(Stored records)

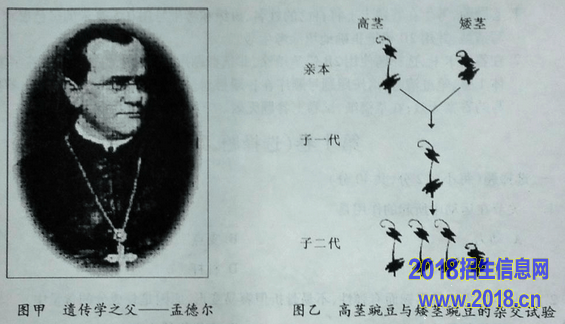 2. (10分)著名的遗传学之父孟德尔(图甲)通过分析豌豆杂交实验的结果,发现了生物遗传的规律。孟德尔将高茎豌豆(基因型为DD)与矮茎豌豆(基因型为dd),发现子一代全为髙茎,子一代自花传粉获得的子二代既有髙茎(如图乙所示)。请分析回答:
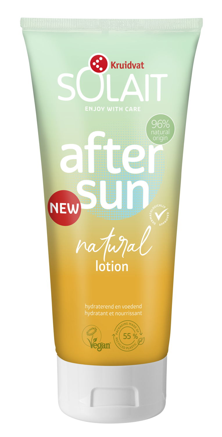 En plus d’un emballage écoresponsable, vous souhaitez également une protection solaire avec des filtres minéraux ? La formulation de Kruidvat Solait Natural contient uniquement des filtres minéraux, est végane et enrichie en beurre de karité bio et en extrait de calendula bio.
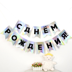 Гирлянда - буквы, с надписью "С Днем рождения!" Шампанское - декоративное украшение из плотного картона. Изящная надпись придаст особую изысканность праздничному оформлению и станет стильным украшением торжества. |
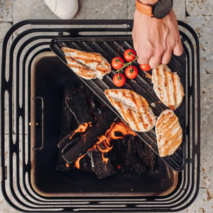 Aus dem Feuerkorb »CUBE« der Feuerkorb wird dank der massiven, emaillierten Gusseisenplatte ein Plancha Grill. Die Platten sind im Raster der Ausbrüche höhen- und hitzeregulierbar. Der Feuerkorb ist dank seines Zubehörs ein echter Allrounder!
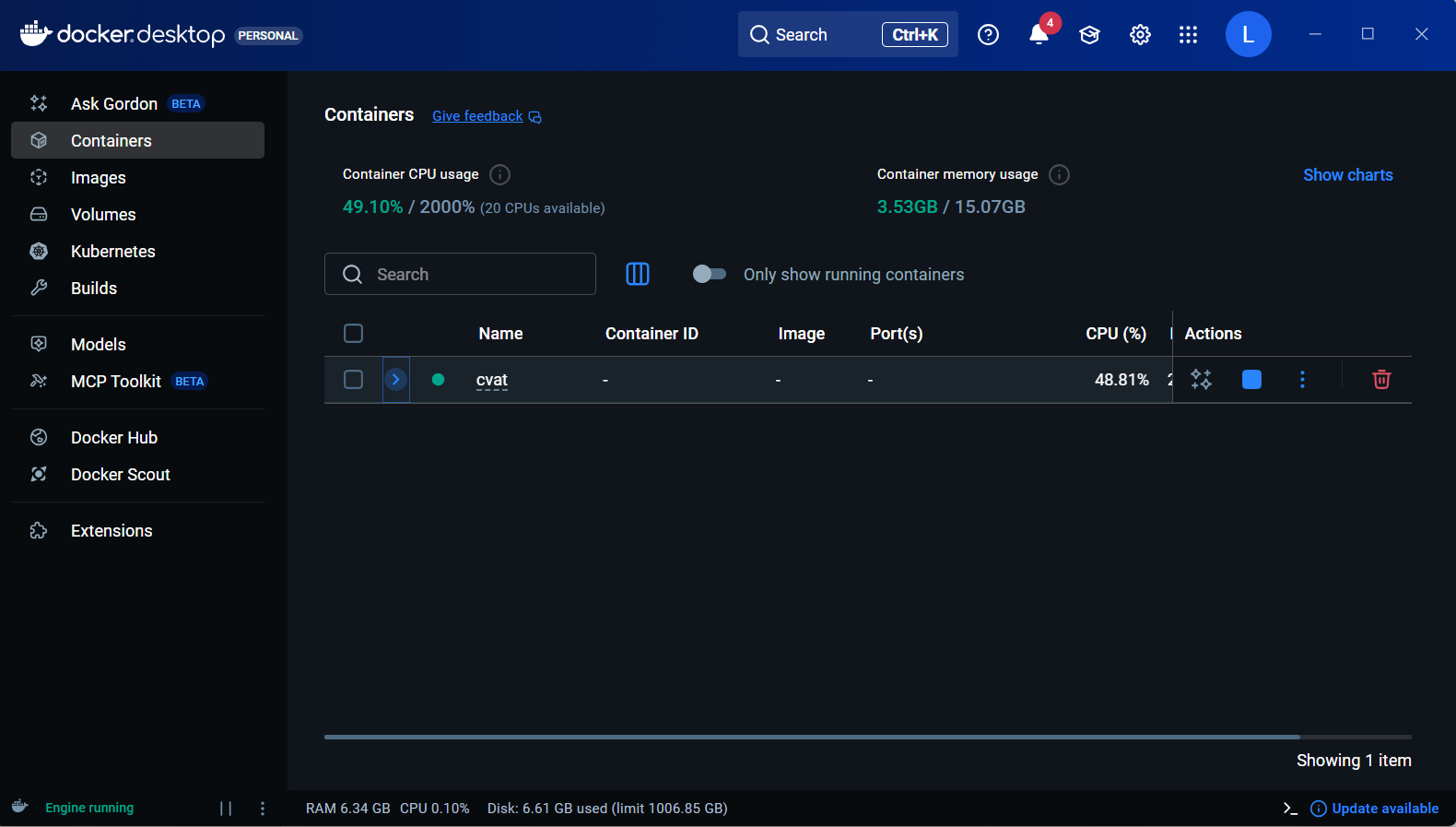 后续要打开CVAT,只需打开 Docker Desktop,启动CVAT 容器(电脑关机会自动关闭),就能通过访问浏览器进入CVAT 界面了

> _Work item_
Return every record exactly, leaving out the pictures.

> _Solution to this task_
 2. (10分)著名的遗传学之父孟德尔(图甲)通过分析豌豆杂交实验的结果,发现了生物遗传的规律。孟德尔将高茎豌豆(基因型为DD)与矮茎豌豆(基因型为dd),发现子一代全为髙茎,子一代自花传粉获得的子二代既有髙茎(如图乙所示)。请分析回答:
 En plus d’un emballage écoresponsable, vous souhaitez également une protection solaire avec des filtres minéraux ? La formulation de Kruidvat Solait Natural contient uniquement des filtres minéraux, est végane et enrichie en beurre de karité bio et en extrait de calendula bio.
 Гирлянда - буквы, с надписью "С Днем рождения!" Шампанское - декоративное украшение из плотного картона. Изящная надпись придаст особую изысканность праздничному оформлению и станет стильным украшением торжества. |
 Aus dem Feuerkorb »CUBE« der Feuerkorb wird dank der massiven, emaillierten Gusseisenplatte ein Plancha Grill. Die Platten sind im Raster der Ausbrüche höhen- und hitzeregulierbar. Der Feuerkorb ist dank seines Zubehörs ein echter Allrounder!
 后续要打开CVAT,只需打开 Docker Desktop,启动CVAT 容器(电脑关机会自动关闭),就能通过访问浏览器进入CVAT 界面了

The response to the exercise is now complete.